Don't get me wrong, I enjoyed France and I hope to return some day to see more of the things I loved. But it wasn't at all the trip that I was hoping for, and I didn't float back home on a cloud. Instead, I came home understanding my country better, loving the things that make my life what it is, and finally feeling like I actually fit in here in this land.

Wednesday, May 22, 2013

Wearing it

Some women have necklaces that they wear all the time. Thin chains wrap a close circle around their necks, carrying dainty pendants that can easily be tucked away. Sometimes they come in that well-known blue box, or else they're passed down through generations. Fancy jewelry that comes from a national chain isn't really my style, and although I have a couple of beloved necklaces that my grandmother used to wear, they're just not me either. Not as an everyday accessory.

But today I received a necklace in the mail from The Run Home that might be the one I put on each morning. It's a thin gunmetal chain with three small pendants: a solid pewter heart, a pewter running shoe, and a nickel silver pendant hand stamped with 13.1. As in 13.1 miles, a half-marathon, which I ran this weekend. My mom gave me this gift to celebrate the event. I didn't think of it as such a big deal because I had been training for it, I really believed I could do it, and when I crossed that finish line sooner than I had planned, I felt like I had a couple more miles in me. It was a goal I worked for, but not too hard, and I didn't suffer for it (I had forgotten my asthma inhaler at home, and I didn't need it at all during the race). But not everyone can run as far, and not everyone has a necklace with a running shoe and a race distance. And 4 days after that race, I'm itching for more - my special someone and I are already scheming to run the Hood to Coast relay in 2014. So I guess this makes me a runner. My young, lazy, asthmatic self would be so surprised to know that running has become a hobby, and my aging knees may be dismayed at this news, but they'll all have to get used to the fact that running will be a consistent part of my life. Right after the race, I thought that a full marathon was beyond my reach, but the idea is starting to settle into the crevices of my brain. There's just something about moving across the land by foot that makes sense, like a meditation in action. Allons-y.

Wednesday, April 17, 2013


I'm haunted by the house I grew up in. Two dreams in two hours - not the first, certainly not the last.
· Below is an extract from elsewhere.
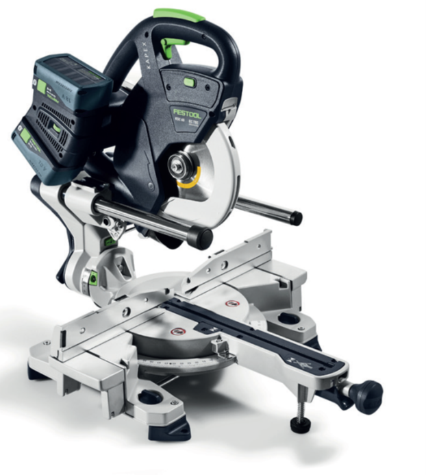 ... Sådan er det, når du arbejder med den nye akku kap-/geringssav KSC 60 fra Festool, for her får du fuld power og maksimal udholdenhed, så du kan blive ved hele dagen. Det er muligt, fordi saven har den nyeste generation af den kulfri EC-TEC-motor og dobbeltbatterisystem.

We walked away from that house when my parents divorced and medical bills forced foreclosure and more. We left the bank to clean up most of our belongings. Slowly we all trickled out, went our separate ways, never looking back.

Now, someone else lives there, in the bedroom where I listened to the birds coo and the train horns blast and the falling rain flow through the gutter. In the hallway where the pets played by day and I sometimes slept at night, too lonely to stay in my bed. Someone else eats in that kitchen, sits on that porch, tends that garden. Maybe they have remodeled, made it the house we never could.
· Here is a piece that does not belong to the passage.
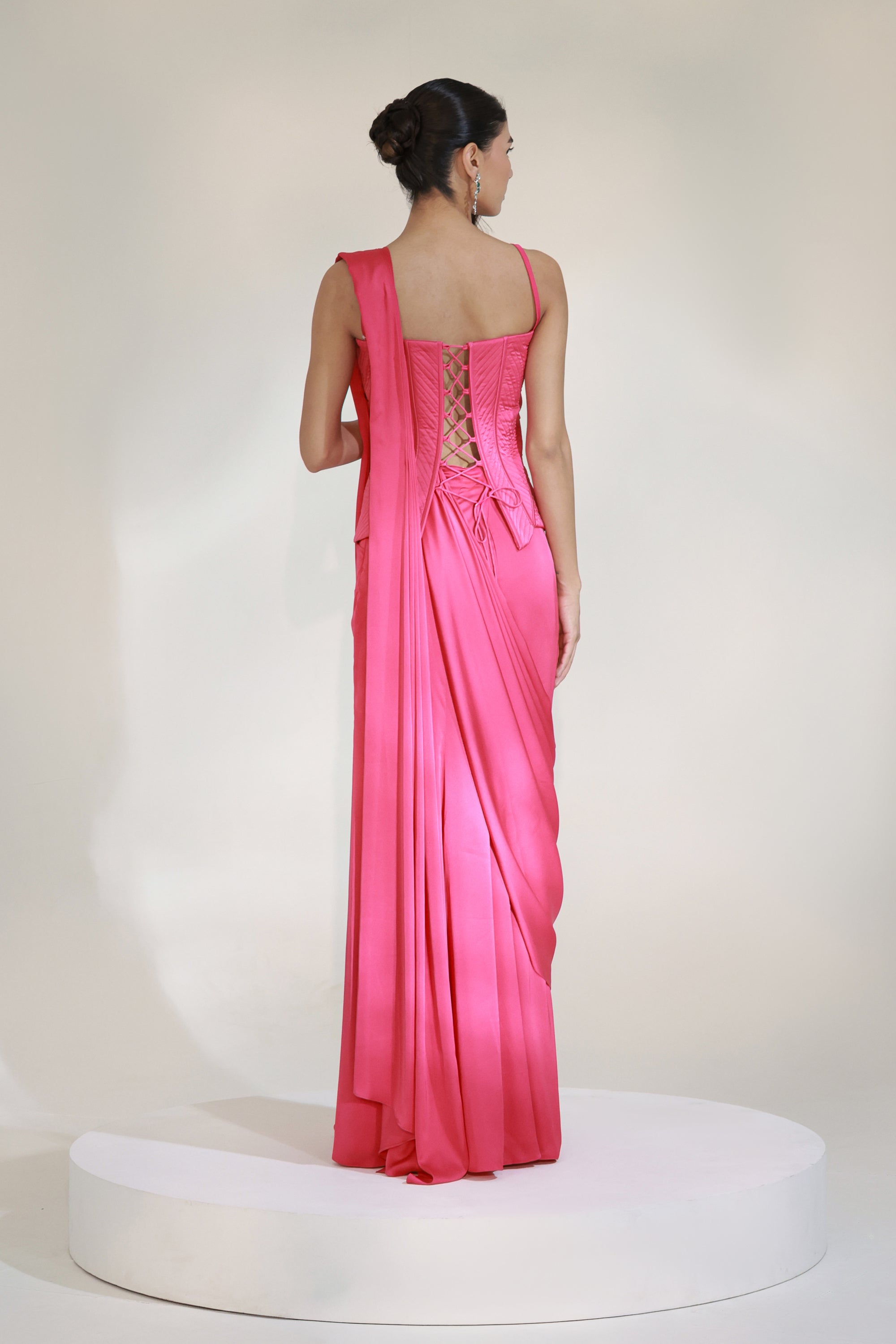 Command the spotlight in our PINK Corset Saree — a sculpted silhouette that marries structure with fluidity. Designed in luxurious fabric, the corset contours the body with precision, while the pre-draped saree cascades effortlessly for a modern, yet timeless appeal. With refined gathers and a cinched waistline, this ensemble is your go-to for elevated celebrations and unforgettable entrances.

My memories are stuck floating around that house, left to dream about what was or what could have been. Sometimes we're back there as a family; others, it's been abandoned by us, furniture and games and dishes still strewn about, a place we haven't fully left yet but don't care for in the meantime.

Why can't I just move away already, and release the ghost that still follows me 10 years after I took my things and left?